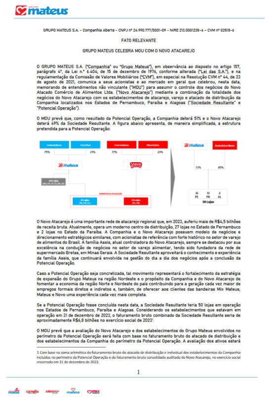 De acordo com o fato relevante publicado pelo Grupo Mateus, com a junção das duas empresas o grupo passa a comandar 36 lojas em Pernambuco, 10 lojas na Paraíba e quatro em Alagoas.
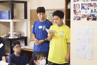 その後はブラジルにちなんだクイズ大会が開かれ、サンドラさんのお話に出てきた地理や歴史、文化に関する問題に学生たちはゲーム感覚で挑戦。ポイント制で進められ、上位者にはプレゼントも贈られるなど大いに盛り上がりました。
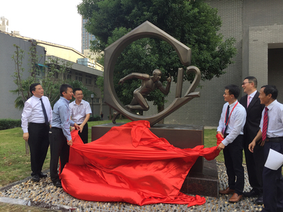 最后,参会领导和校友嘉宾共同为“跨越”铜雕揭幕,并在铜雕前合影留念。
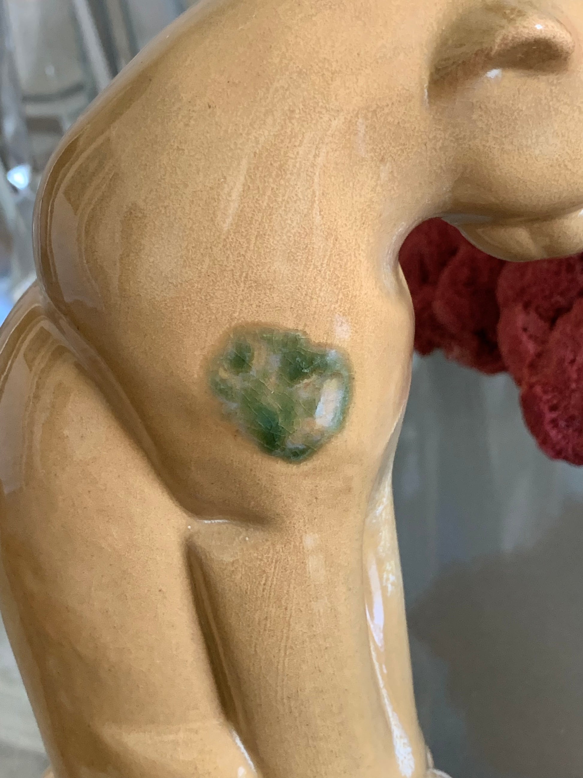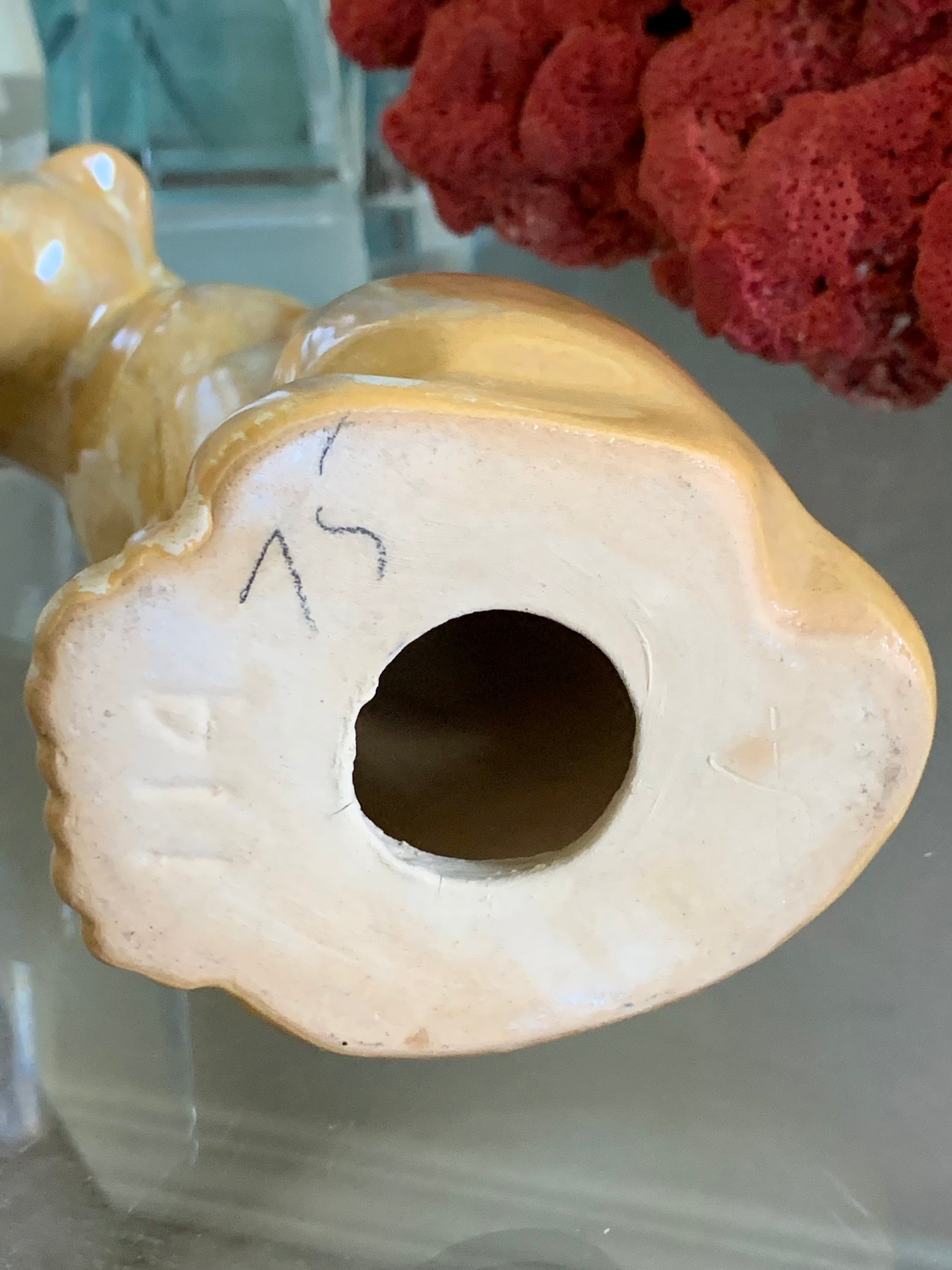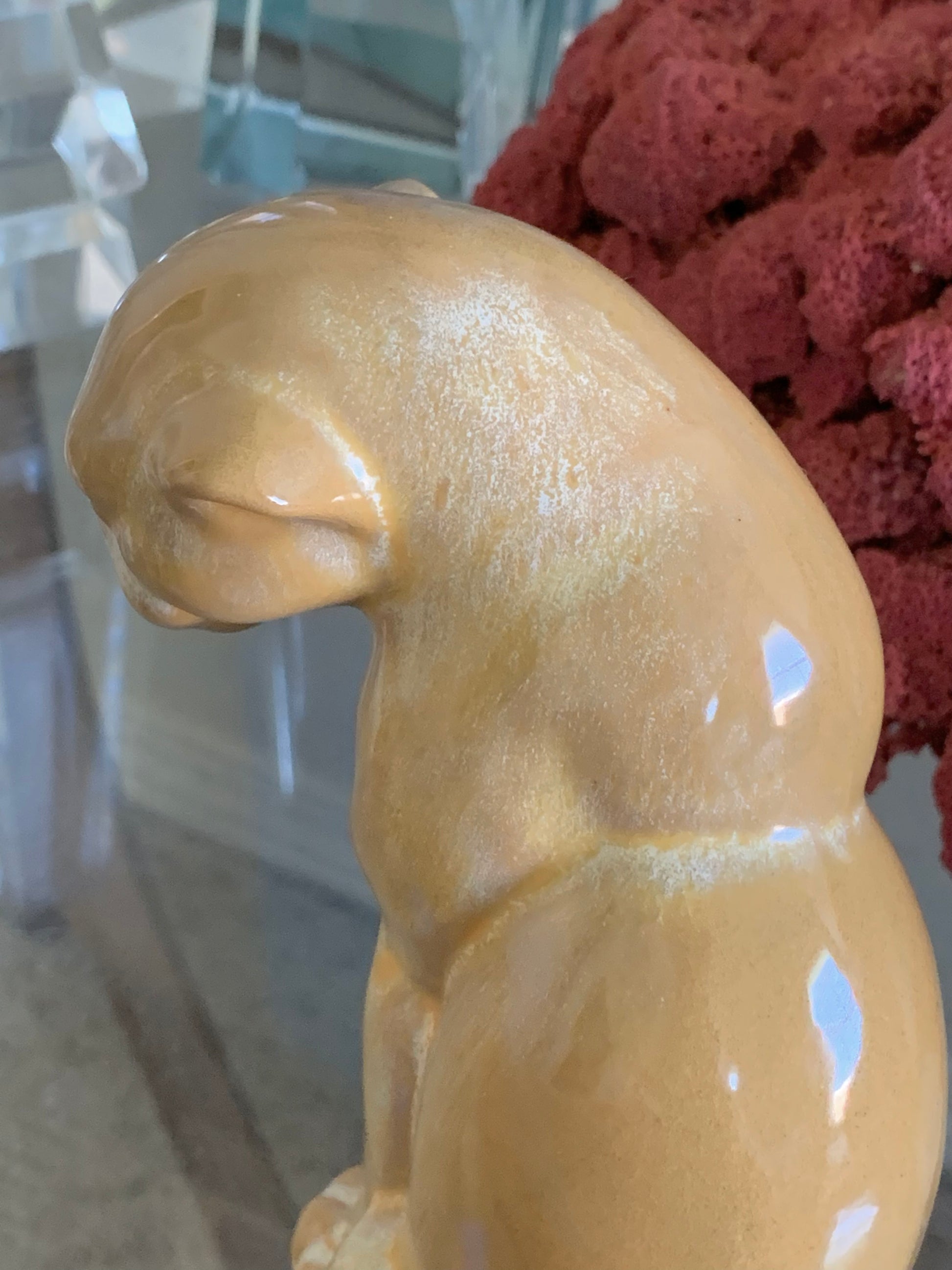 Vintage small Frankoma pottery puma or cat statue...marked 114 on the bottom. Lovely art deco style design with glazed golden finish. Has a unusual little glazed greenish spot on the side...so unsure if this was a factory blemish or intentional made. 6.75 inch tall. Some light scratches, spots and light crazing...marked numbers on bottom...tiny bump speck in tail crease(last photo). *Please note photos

Problem details: Each line of the listing above should be retyped exactly, with no pictures.

Task answer:
 De acordo com o fato relevante publicado pelo Grupo Mateus, com a junção das duas empresas o grupo passa a comandar 36 lojas em Pernambuco, 10 lojas na Paraíba e quatro em Alagoas.
 その後はブラジルにちなんだクイズ大会が開かれ、サンドラさんのお話に出てきた地理や歴史、文化に関する問題に学生たちはゲーム感覚で挑戦。ポイント制で進められ、上位者にはプレゼントも贈られるなど大いに盛り上がりました。
 最后,参会领导和校友嘉宾共同为“跨越”铜雕揭幕,并在铜雕前合影留念。
 Vintage small Frankoma pottery puma or cat statue...marked 114 on the bottom. Lovely art deco style design with glazed golden finish. Has a unusual little glazed greenish spot on the side...so unsure if this was a factory blemish or intentional made. 6.75 inch tall. Some light scratches, spots and light crazing...marked numbers on bottom...tiny bump speck in tail crease(last photo). *Please note photos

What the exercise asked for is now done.